Il sistema di previsione mensile delle ondate di calore e del carico delle linee MT interrate è uno strumento innovativo che integra previsioni meteo, intelligenza artificiale e dati di carico urbano per supportare la gestione delle reti elettriche durante eventi estremi. Basato su modelli ECMWF e tecniche avanzate come le CNN e Random Forest, consente previsioni probabilistiche affidabili sia delle temperature che del carico elettrico, migliorando la pianificazione preventiva e la resilienza delle infrastrutture urbane.

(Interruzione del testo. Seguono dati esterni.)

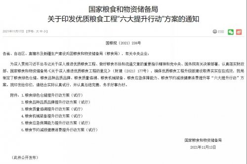 11月17日,国家粮食和物资储备局发布“十四五”时期实施优质粮食工程“六大提升行动”,到2025年,新增高标准粮仓仓容2000万吨,优质粮食增加量年均增长10%以上。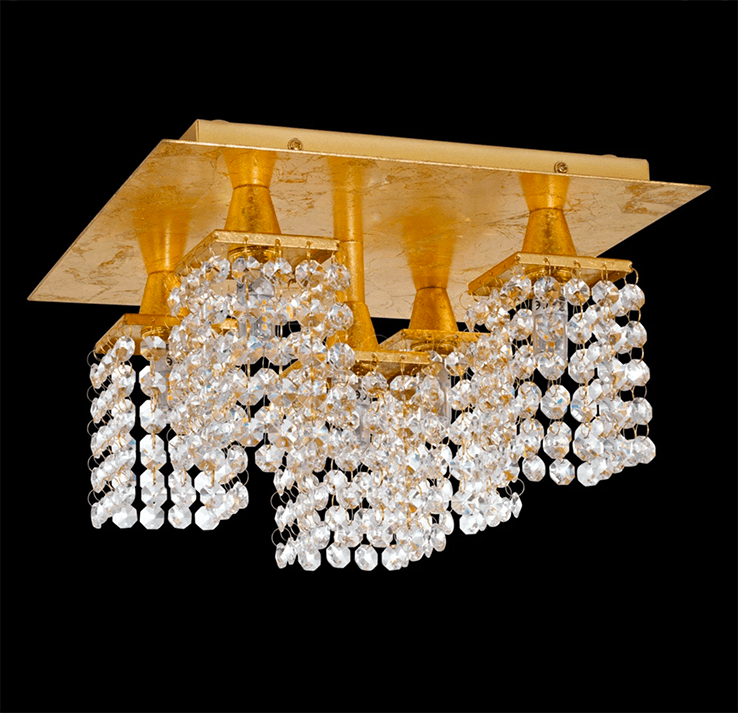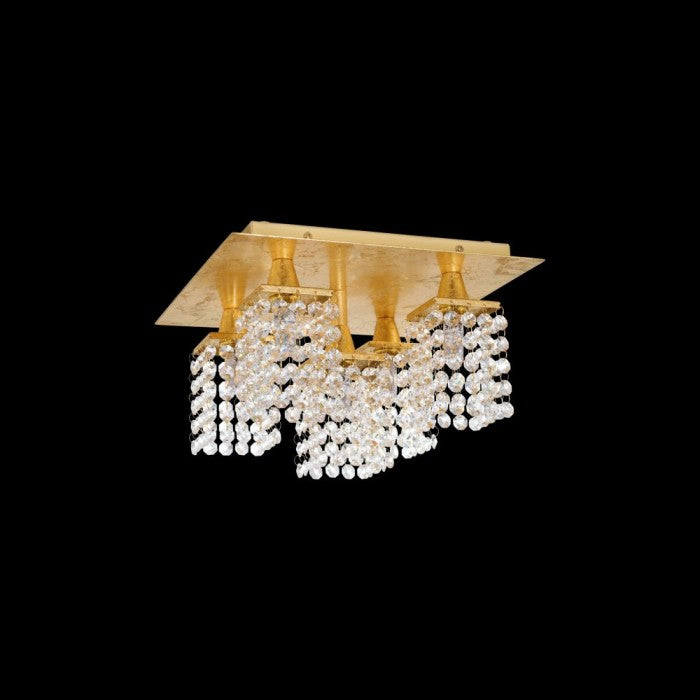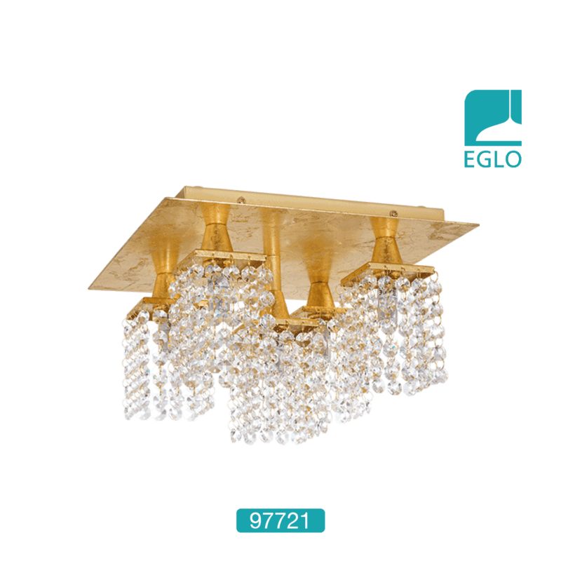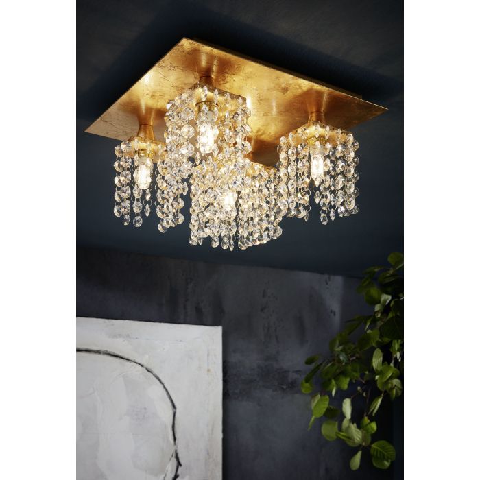 This EGLO Pyton Gold five light LED semi flush ceiling light is finished in gold and crystal. The five shades are constructed from hanging clear crystals which catch the light beautifully when illuminated. It would make a striking addition to any room.

Schema di esempio per prodotto

Il Sistema di previsione mensile delle ondate di calore e del carico di linee MT interrate è un prodotto innovativo sviluppato per migliorare la gestione delle reti di distribuzione elettrica, in particolare durante i periodi di ondate di calore. Il sistema consente la previsione a scala mensile delle ondate di calore e la valutazione dell’impatto atteso sul carico elettrico delle lineeinterrate in media tensione (MT). Si tratta di uno strumento innovativo che integra dati meteorologici, modelli previsionali, algoritmi avanzati di Intelligenza Artificiale e dati di carico sulle aree urbane. Questa combinazione consente di migliorare la prestazione delle previsioni, e supportare i gestori di rete nella pianificazione preventiva di azioni di mitigazione dei rischi legati alle alte temperature. Il sistema si basa sulle previsioni meteo mensili fornite dal Centro Europeo per le Previsioni Meteorologiche a Medio Termine (ECMWF). Queste previsioni vengono migliorate grazie all’uso di intelligenza artificiale, in particolare di reti neurali chiamate CNN (Convolutional Neural Network), che consentono di fare un post-processing delle previsioni meteo permettendo di migliorare la stima della temperatura fornita dai modelli. Il sistema integra anche un prototipo di previsione probabilistica mensile della temperatura, che classifica i valori previsti in tre categorie definite rispetto alla climatologia storica di riferimento: sotto la media, in media e sopra la media. Anche questo tipo di previsione viene elaborato sulla base della tecnica basata sulle CNN. Grazie a questo approccio probabilistico, il sistema fornisce una rappresentazione più dettagliata e affidabile delle condizioni meteorologiche future, supportando così decisioni operative più informate. Per quanto riguarda la previsione mensile del carico elettrico, il sistema utilizza anche in tal caso algoritmi di intelligenza artificiale basati su una tecnica Random Forest per prevedere il carico giornaliero sulla città di Milano. Questo modello considera i gradi giorno di riscaldamento e raffrescamento e la settimana dell'anno come predittori principali. Tale algoritmo è in grado di fornire una previsione probabilistica di carico per il mese successivo sull’area urbana milanese. Tale metodologia può essere generalizzata ad una qualsiasi area urbana di interesse in cui si abbiano a disposizione le serie storiche di carico sulla città.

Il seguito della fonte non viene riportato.